Friday, April 8, 2011

I Seem To Always Get Caught

When I was 13 years old I got caught. I got in trouble. They found something in my locker at school that should not have been there and the result was abandoning my fathers suburban tract home to reside at my mother's country sprawl. I was just learning to separate myself from my family identity and one mixed-up little girl was emerging. A few years later I moved back to the suburbs and it was not long before I got in trouble again. Same friends & more = same stuff & more. But this was private, this was at home, and I was grounded. I spent my 16th birthday grounded. I was allowed to go to work and that was it for like the whole summer grounded. I was not allowed to get my drivers license on my 16th birthday. But my father was never one to deprive me for long and I recall getting it about a month or two after. Those were two jarring experiences for me and equally for my parents too. The necessary and painful experiences that get you back on track to a life of independent success, not absorbed down the drain of too much excess. So I learned how to carry the party girl deep and well hidden. I still caused little bits of trouble for myself here and there, but none I could not get myself out of, none my parents were ever aware of. Like I said, she was well hidden. 

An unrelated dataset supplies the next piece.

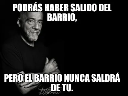 Make your own "Podrás haber salido del barrio, Pero el barrio nunca saldrá de tu." meme with MemeCreator's free online meme generator. Add text, stickers, and drawings — then download or share. No watermark, no sign-up required.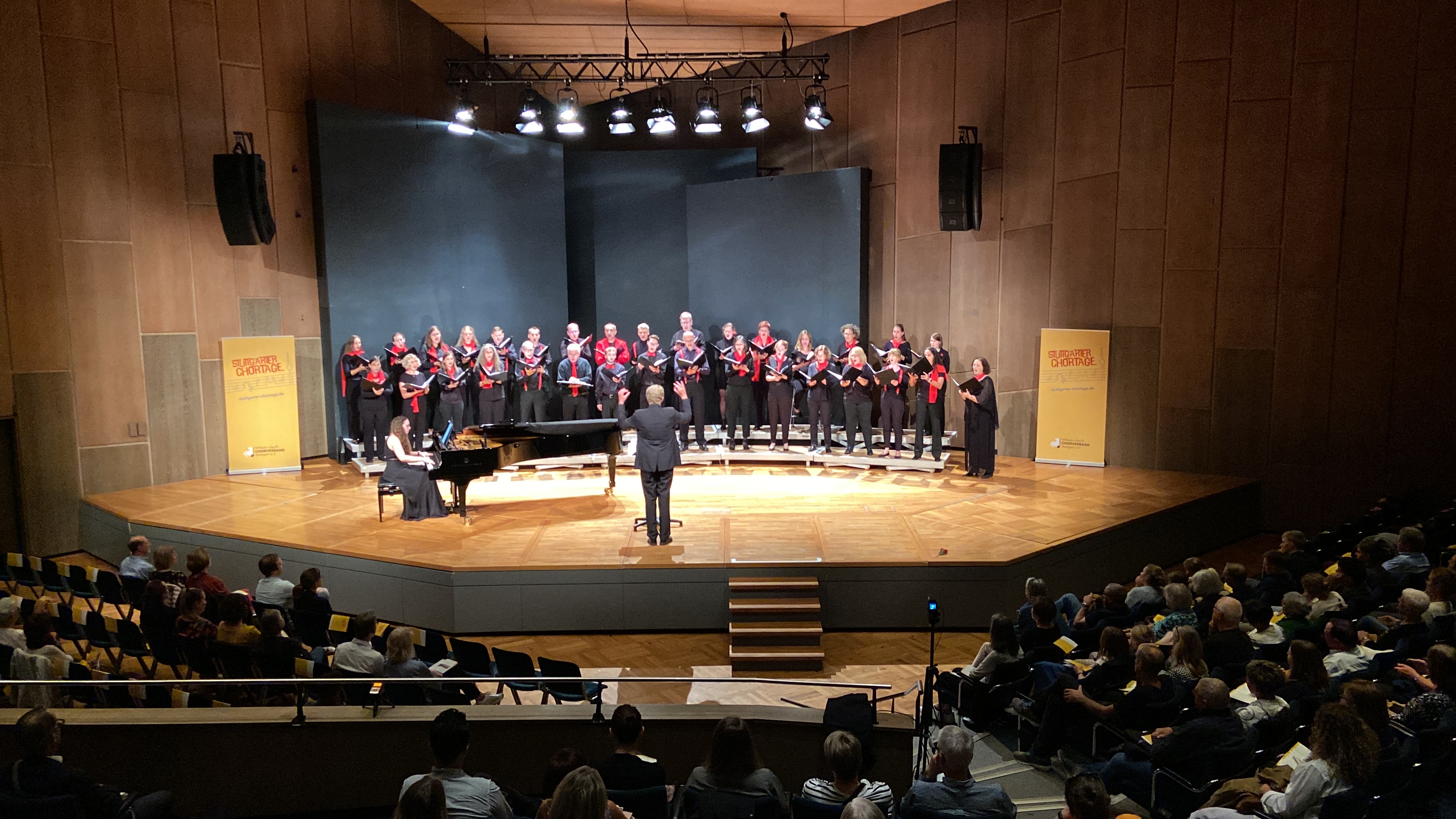 Ein Auftritt in der Stuttgarter Liederhalle: da konnte uns auch Freitag, der 13., nicht abhalten. Mit neuer Chorkleidung waren wir auf jeden Fall gut vorbereitet. Im Rahmen der Stuttgarter Chortage führten wir im Mozartsaal unser zweiteiliges Programm "Vom Solo-Lied zum Chor-Lied" auf. Wir wählten französische Kompositionen der Romantik von Camille Saint-Saëns und Gabriel Fauré aus, aber auch deutsche Lieder von Peter Cornelius, Hugo Wolf und Fanny Hensel, die von Denis Rouger arrangiert wurden. Ergänzend sangen wir einen englischen Lied-Zyklus von Edward Elgar. Begleitet wurden wir am Flügel von der einzigartigen Teresa Kratzer.

Around age 22 my body got me in trouble. First pancreas attack. It took another bout with Pancreatitis 6 months later to diagnose a genetic triglyceride malfunction that was causing them and drinking and eating were heavily curbed. Then comes the 3rd one at age 28. See after a few years pass, we get married, move to San Francisco and discover what it is like to have a bar literally downstairs from your house (a lot of fun!). The drinking and greasy food were back up again. So back on the wagon I go. Six months later I got sick and have never gotten better. In fact my entire life has been absorbed by overcoming and managing chronic illness. So what I am trying to say is that every time I have grown wayward in my intentions, my actions, something has stopped it. Something big has gotten in my way and put me on track again. I wonder if it has harmed me or saved me. One will never know.

I can look at this as a curse or a blessing. Or maybe a little of both. This is tough stuff. The pain, fatigued, dazed existence of a Fibromyalgia patient. Very hard to embrace while life as planned necessarily goes away. Hides itself under a bucket of symptoms, waiting for you to get through them and to pick up that bucket and look under it. But they are impossible to get through. They are too strong, too many obstacles in your way, medicine does not understand, doctors do not understand, NOBODY UNDERSTANDS! I know that I have chosen in my life to seek out health and wellness. See I believe there are specific medical reasons why we experience CFS & Fibromyalgia. Science just does not know them yet. I believe they must find a cause before they can find a cure. I also believe the modern lifestyle is extremely unhealthy, entirely too convenient and not enough work where it counts. In making food, in exercising, in sleeping, oh you know me, the list goes on. So until they figure it out, advance enough to inform us what in our minds and bodies is causing these illnesses, I choose to be the healthiest me I can be. And that is striving for health, but more importantly forgiving myself for being human and nowhere near perfect.